Saturn and Its Rings Look Truly Spectacular in This Hubble Telescope Portrait

The rings of Saturn can be an awesome sight through a telescope, and when you've got the most iconic space telescope at your disposal, the view is absolutely jaw-dropping. Case in point: this amazing new view from the Hubble Space Telescope.

NASA and the European Space Agency unveiled the new Saturn portrait today (Sept. 12). The image was taken on June 20 by Hubble's Wide Field Camera 3 as Saturn was about 845 million miles (1.36 billion kilometers) away. 

It's the second in a series of annual photos for the Outer Planets Legacy project by scientists studying the gas giant planets of our solar system. "In Saturn's case, scientists are tracking weather patterns and other changes to identify trends," NASA and ESA officials said in an image description

Video: Watch Saturn's Moons Dance in Amazing Hubble View
Amazing Photos of Saturn's Glorious Rings

The rings of Saturn and four of its moons take center stage in this portrait by the Hubble Space Telescope's Wide Field Camera 3 taken on June 20, 2019. (Image credit: NASA, ESA, A. Simon (Goddard Space Flight Center), and M.H. Wong (University of California, Berkeley))

That science is all well and good, but to the casual viewer, it's the beauty of Saturn that reigns supreme in the new image. 

"Saturn hosts many recognizable features, most notably its trademark ring system, which is now tilted towards Earth," NASA/ESA officials wrote in the image description. "This gives us a magnificent view of its bright icy structure."

And then, there's Saturn's bizarre hexagon, a target of truly perplexing geometry. The weird hexagon-shaped phenomenon encircles Saturn's north pole and was first spotted by NASA's Cassini spacecraft in 2007. Cassini orbited Saturn from 2004 to 2017.

"It is a mysterious six-sided pattern caused by a high-speed jet stream," NASA/ESA officials added. "The hexagon is so large that four Earths could fit inside its boundaries (there is no similar structure at Saturn's south pole)."

Photos: Saturn's Bizarre Hexagon Up Close

Four of Saturn's moons (which number 62 in all) are visible in the new Hubble portrait. Among them is Mimas, the "Death Star" moon — so called because its massive Herschel crater gives it a look akin to the fictional moonlike space station from "Star Wars." 

The other Saturnian moons spotted by Hubble are icy Enceladus, which harbors geysers and a vast water ocean under an icy shell; Janus, a potato-shaped moon covered in craters; and Tethys, an icy round moon with weird red arcs of material on its surface. 

Finally, there's Saturn itself, which shines like a ruddy jewel in the black of space. 

"Saturn's amber colors come from summer smog-like hazes, produced in photochemical reactions driven by solar ultraviolet radiation," NASA/ESA officials said. "Below the haze lie clouds of ammonia ice crystals, as well as deeper, unseen lower-level clouds of ammonium hydrosulphide and water."
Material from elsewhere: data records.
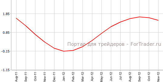 Как свидетельствуют данные исследовательского института KOF, вышедшие 30 ноября, индикатор KOF в ноябре составил 1,5, упав с зарегистрированной в сентябре отметки 1,64. Экономисты прогнозировали небольшое снижение показателя, до 1,60.
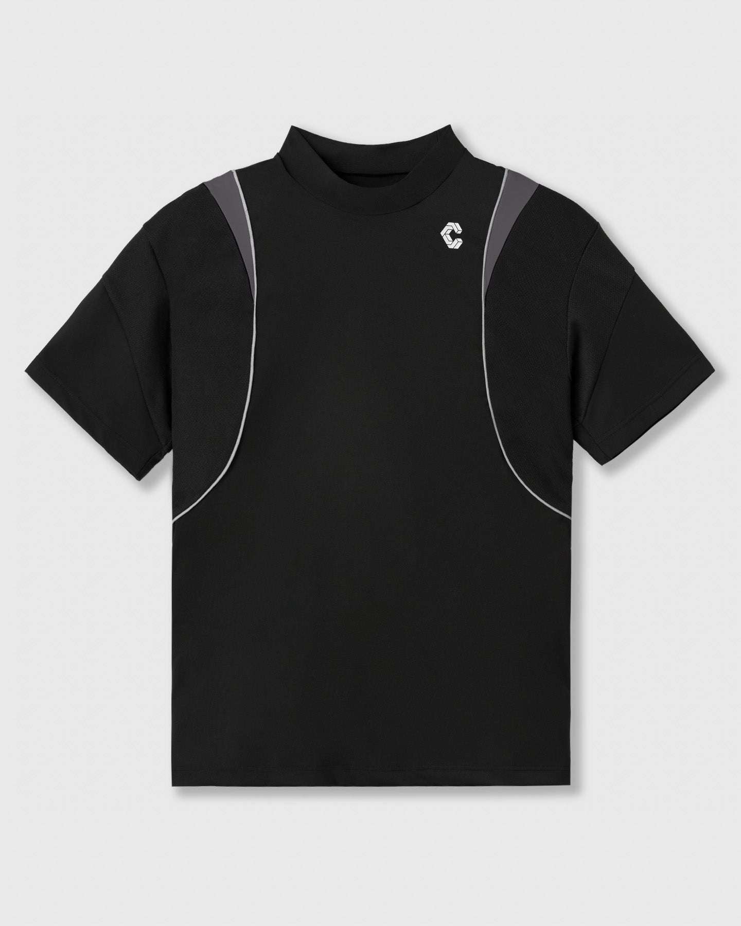 A mock neck top that creates a sharp, sporty style.
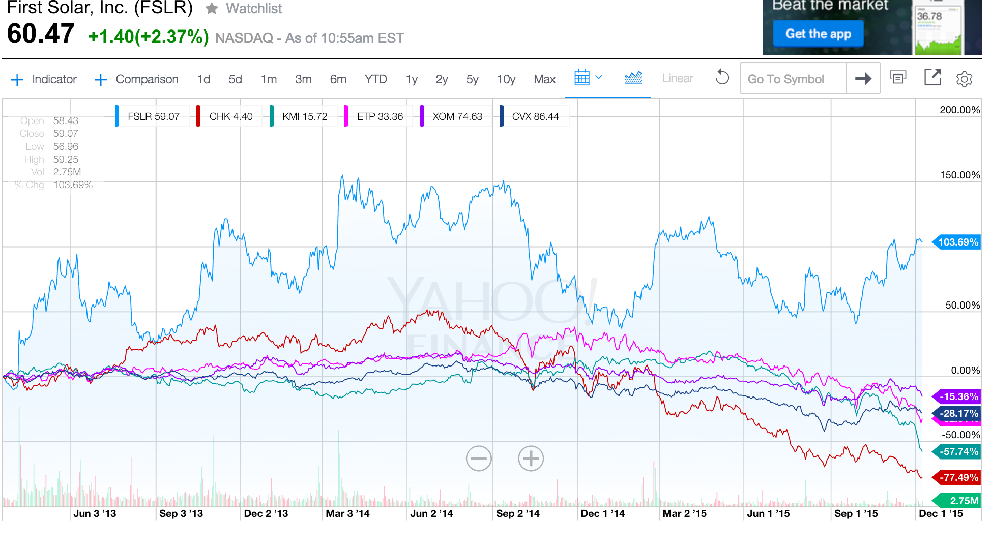 With energy and oil prices and stocks having crashed in the last couple years, do you realize that in First Solar FSLR we own the one energy stock that might be just about one of only a handful out of hundreds that is up nicely over the last few years? Our timing in flipping from Bear/Short to Bull/Long in the alternative energy sector in 2013 when company after company was going bankrupt and then buying FSLR, the solar stock with the single strongest balance sheet and prospects, has been a boon for us. I’m still expect there’s some long-term upside in First Solar in coming years regardless of what happens with the price of oil and energy, just as there has been for the last two and a half years while we’ve owned it as oil and energy prices and stocks crashed.

Saturn's moons Enceladus, Janus, Mimas and Tethys are visible in the 2019 portrait taken by the Hubble Space Telescope. (Image credit: NASA, ESA, A. Simon (GSFC) and the OPAL Team)

Saturn's atmosphere gets its banded look from winds and clouds moving at different altitudes.

The Hubble Space Telescope launched in 1990 and is one of the most prolific space observatories of all time. The orbiting telescope typically gazes into the deepest expanses of space to make cosmic discoveries, but its camera eye can reveal surprising details about planets closer to home. 

"Hubble's high-resolution images of our planetary neighbors can only be surpassed by pictures taken from spacecraft that actually visit these bodies," 'NASA/ESA officials wrote. "However, Hubble has one advantage over space probes; it can look at these objects periodically and observe them over much longer periods than any passing probe could."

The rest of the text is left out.